Tout d'abord elle permet de se rendre compte du fonctionnement de notre système agro-alimentaire. Producteurs et consommateurs ne comptent pas pour l'industrie agro-alimentaire et la grande distribution, seules leurs marges comptent et pas du tout la fonction qu'ils clament souvent si fièrement de nourrir la population.
L'industrie beurrière qui sous-payent les producteurs laitiers, privent en même temps les consommateurs français de beurre pour le vendre plus cher ailleurs. Les supermarchés renoncent à leur fonction d'approvisionner la population pour sauvegarder des marges hautes. Ils expliquent que s'ils ne veulent pas acheter le beurre si cher c'est pour préserver le porte-monnaie du client mais s'ils le voulaient leur marge de 20 à 50% sur l'ensemble des produits leur permettraient surement d'absorber ce surcout. Au lieu de cela, ils jouent la pénurie dans une communication de guerre pour simplement préparer la clientèle à la hausse du beurre en janvier, une fois les contrats renégociés ce qui se fait en ce moment.

A côté de cette révélation sur les acteurs intermédiaires des circuits-longs, cette pénurie montre la solidité et la clarté des circuits-courts. L'éleveur beurrier du  marché, du drive fermier, de l'amap, a du beurre et si parfois il en manque maintenant c'est que les clients habituels du supermarché sont venus frapper pour une fois à sa porte. Et lui, s'il n'en a plus, il en est désolé, c'est parce qu'il a tout vendu, et non parce qu'il est en train de négocier pour l'envoyer à haut prix se faire tartiner à l'autre bout du monde. Un rapport simple et vrai à l'échange commercial.

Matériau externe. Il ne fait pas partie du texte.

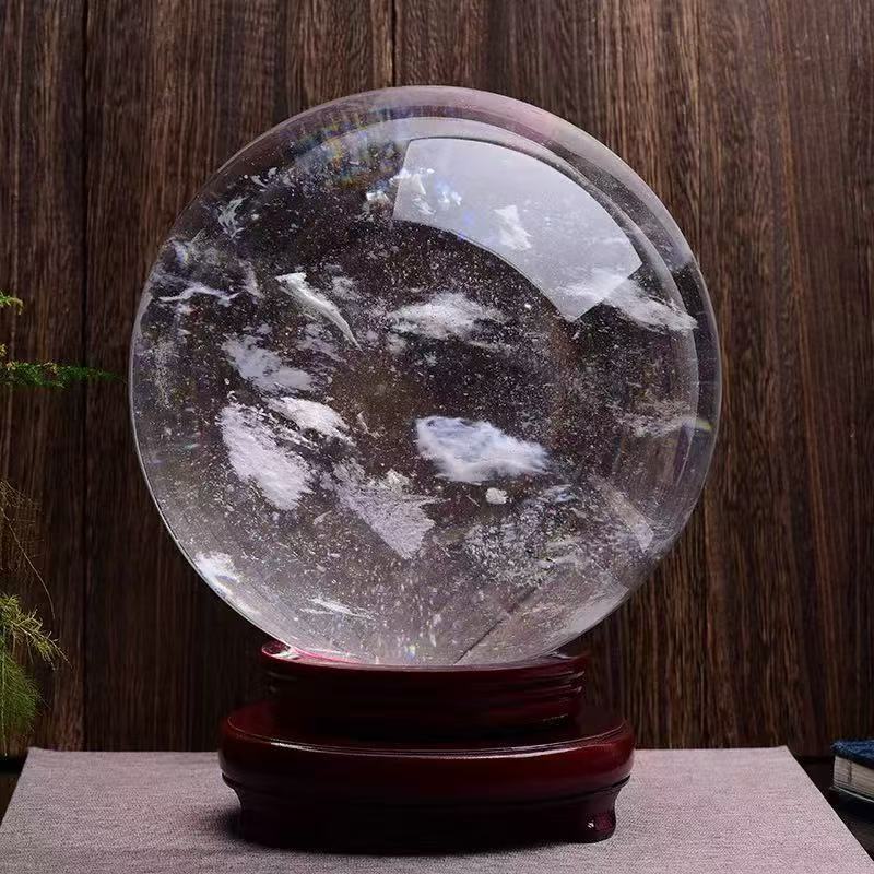 白水晶熔炼球摆件风水球转运球乔迁平安健康家居招财开业送礼底座

Autre point : cette pénurie a fait réfléchir le client de supermarché à son alimentation. Il n'y pas de beurre, qu'est-ce que je fais? Il n'y a pas ma marque de beurre. Laquelle je prends? Il n'y en a pas dans mon supermarché habituel. Où vais-je? Bien sûr, la pénurie passée (ce qui commence à être le cas : la négociation des prix sur l'année prochaine a dû inclure la sortie de crise et la fin d'année), chacun retrouve son supermarché, sa marque de beurre dans son rayon mais pendant un moment la pénurie a poussé les clients à réfléchir sur leur acte d'achat. Or le système de la grande surface repose sur le fait que l'on ne doit pas réfléchir : on suit un circuit imposé passant par les rayons inutiles pour finir par ceux dont on a besoin poussant ainsi à l'achat pulsion t inutile sur lequel le supermarché fait son beurre. On passe aux mêmes endroits prendre les mêmes produits sauf si quelques pubs ou promos guident notre main. La pénurie a suspendu ce manège même pour un temps court.

Enfin cette pénurie a fait ressentir que l'alimentation était importante. La plaquette de beurre n'est pas vitale, on peut s'en passer mais quand il n'y en a pas, elle manque. Ce manque alimentaire dans un monde où l'offre est toujours là pour qu'on puisse acheter est stupéfiant, sidérant comme le montre cette image de deux clients perdus. Dans notre société du supermarché, le manque alimentaire existe mais il vient du client : ça m'est proposé mais je ne peux me le payer. D'ailleurs notre monde fonctionne sur cette frustration de ne pouvoir avoir ce qui est proposé. Là c'est l'inverse : je peux l'acheter car une plaquette de beurre ne coute pas grand-chose mais il n'y en a pas. Bizarrement, cette crise remet le monde à l'endroit après 50 ans de supermarché. Un produit alimentaire peut manquer, c'est normal : la cerise manque 9 mois par an, la tomate 6 mois, le fromage de chèvre frais 3 mois... A l'opposé, le modèle du supermarché, l'offre infinie pour un achat potentiel est une aberration puisqu'elle fonctionne sur le gaspillage de ce qui n'a pas été acheté et sur un système agroalimentaire qui ne tient pas compte des saisons, des producteurs, des consommateurs.